After 1867, many other banks were created in Hungary but the Hungarian Commercial Bank kept a pre-eminent position, financing numerous investments especially in railway construction and large companies. Hungarian nationalist politicians desired to transform it into an independent Hungarian National Bank, but this idea was not implemented and the Austro-Hungarian Bank was eventually established in 1878 with competence over both parts of the Habsburg monarchy.

During the stock market panic of 1873, the Hungarian Commercial Bank of Pest came near bankruptcy but survived.
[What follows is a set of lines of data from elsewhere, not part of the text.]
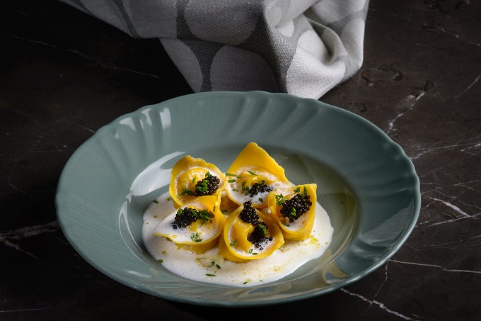 FOOO_ravioli anguilla affumicata in brodo di baccalà e caviale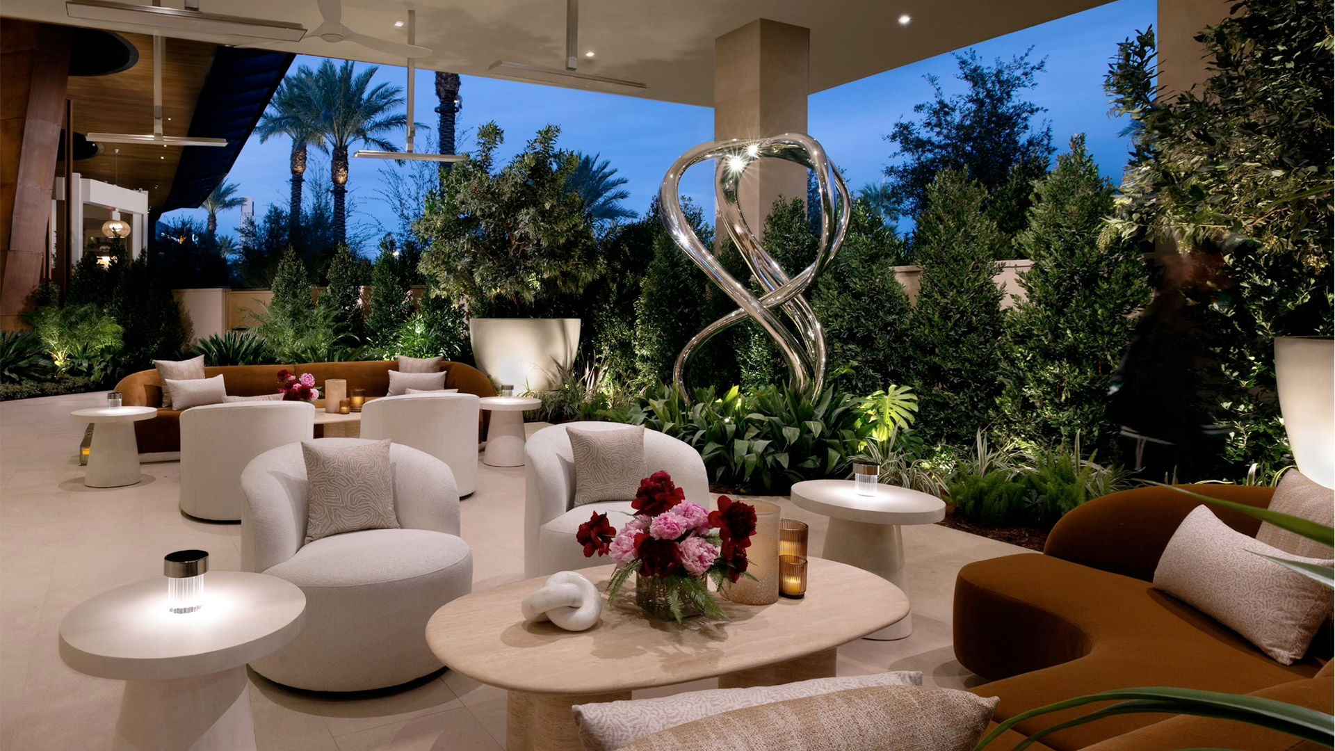 The bar offers wine, champagne, cocktails, premium spirits and a 24-hour coffee and tea program. A covered patio includes seating, sports viewing and cigar smoking areas.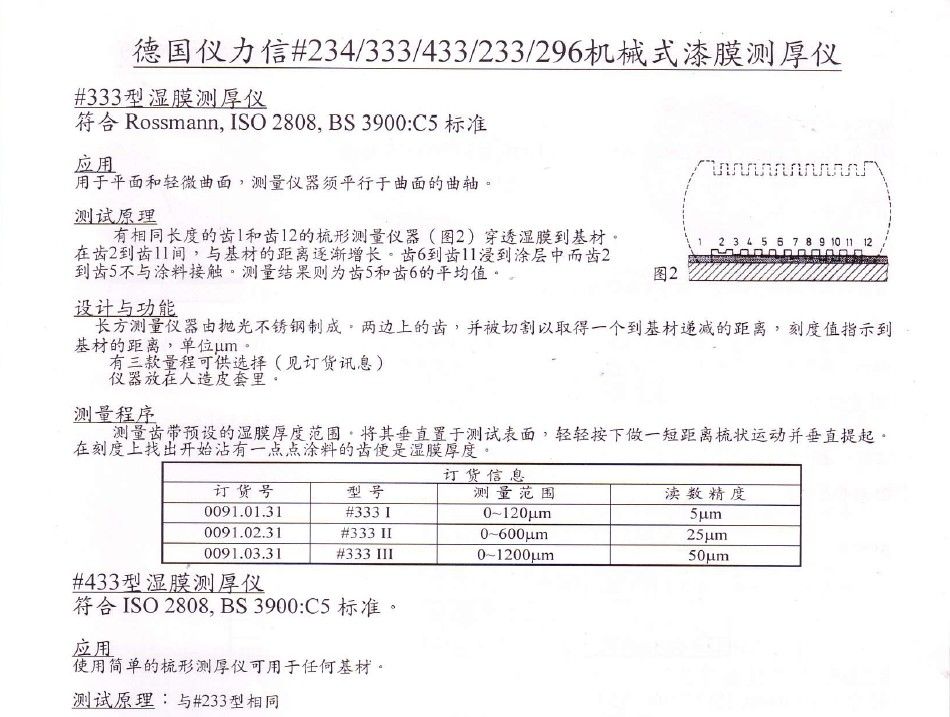 -     德国仪力信 干湿膜测厚仪296 333详细信息| 询价留言品牌:德国仪力信 加工定制:否 型号:333 类型:涂层 测量范围:0-100 mm 显示方式:划格 电源电压:无 V 外形尺寸:50 mm 显示方式:划格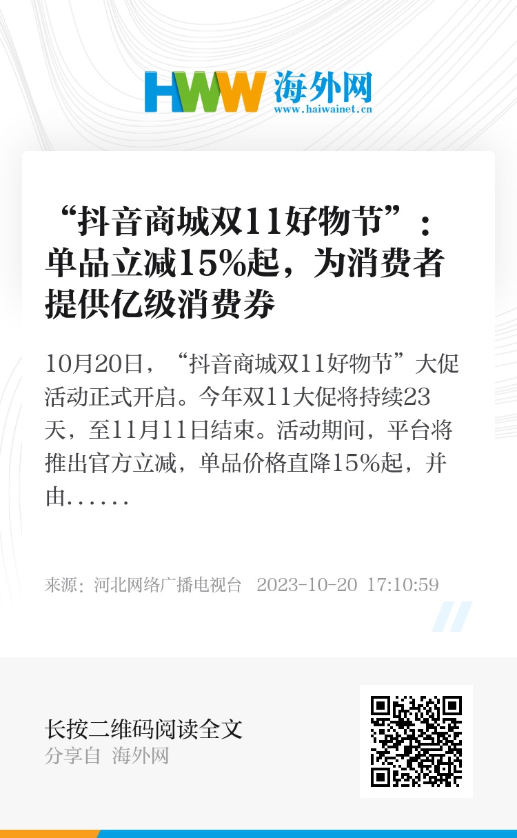 10月20日,“抖音商城双11好物节”大促活动正式开启。今年双11大促将持续23天,至11月11日结束。活动期间,平台将推出官方立减,单品价格直降15%起,并由平台出资提供亿级消费券,给到实实在在的价格优惠。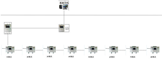 1102工作面共有64个综采液压支架,设置了8个测点,间距平均分布,每个测点连1个综采液压支架,分站的主机采用通道液压管和支架的支柱连接,主机与主机之间采用电源线连接,最后通过光纤与地面电脑连接。所观测的数据在线传送到XX煤矿煤矿地面调度室、地面区队、地面技术科、地面总工程师室。技术人员可以随时观测和分析数据,把异常数据随时反馈到上级领导那里,进而有效指导生产。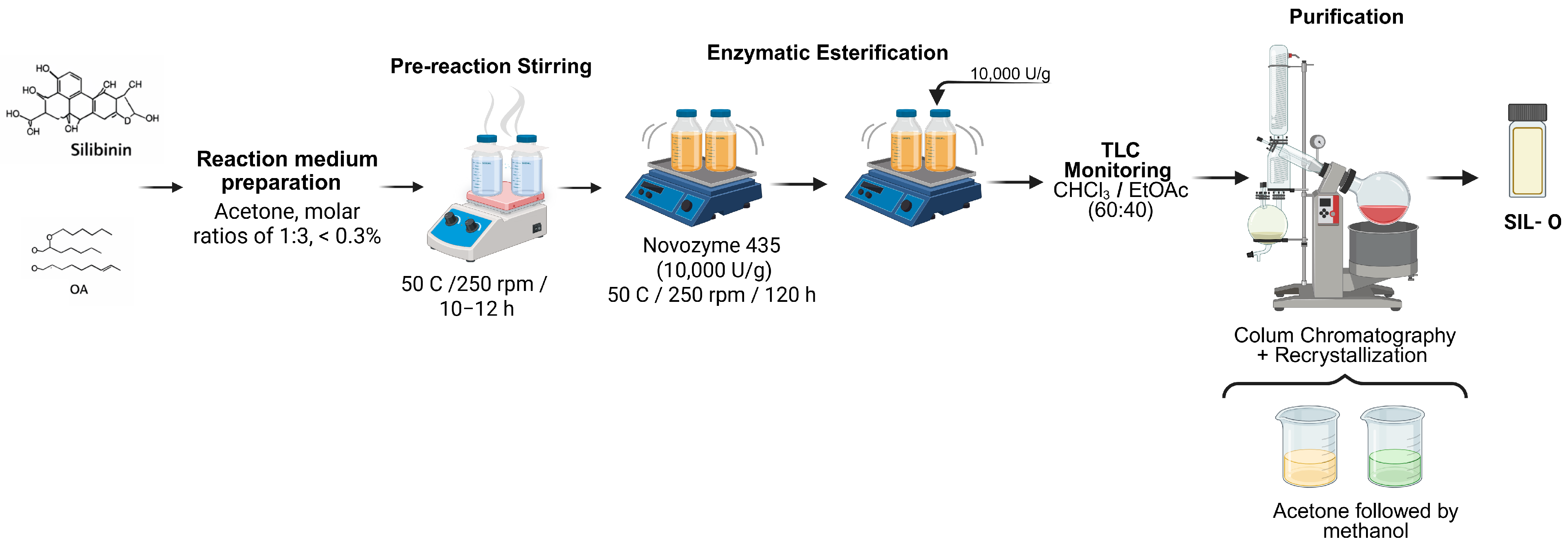 - Drouet, S.; Doussot, J.; Garros, L.; Mathiron, D.; Bassard, S.; Favre-Réguillon, A.; Molinié, R.; Lainé, É.; Hano, C. Selective synthesis of 3-O-palmitoyl-silybin, a new-to-nature flavonolignan with increased protective action against oxidative damages in lipophilic media. Molecules 2018, 23, 2594. [Google Scholar] [CrossRef]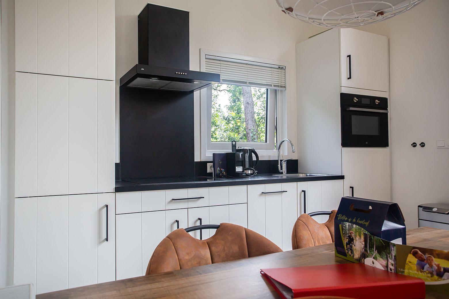 De luxe keuken vormt het hart van de woning en is uitgevoerd met hoogwaardige materialen en inbouwapparatuur. Denk hierbij aan een gaskookplaat, combimagnetron, koelkast met vriesvak, vaatwasser en een stijlvolle afzuigschouw. Het ruime werkblad en de praktische indeling maken dit een zeer functionele én esthetische keuken.

In 1881 it received capital support from Vienna's Länderbank, and subsequently merged with the Hungarian Land Credit Company (Magyar Általnosa Földhitel Rt., Ungarische Boden-Credit-Gesellschaft, known as the Földhitel). The idea of the merger came from Leó Lánczy, the director of the Földhitel, who subsequently became the general manager of the Hungarian Commercial Bank and then its chairman until his death in 1921. Under Lánczy's decades-long leadership, the bank prospered again and financed many large companies (e.g. Tungsram, Marx és Mérei, Engel Károly Alkatrészgyár, Budapest Telephone Network, Schlick factory, MARTA car factory) and railway ventures and utilities (e.g. Magyar Helyiérdekű Vasút Rt., Budapest City Electric Railway Rt., Budapesti Közúti Vaspálya Rt.).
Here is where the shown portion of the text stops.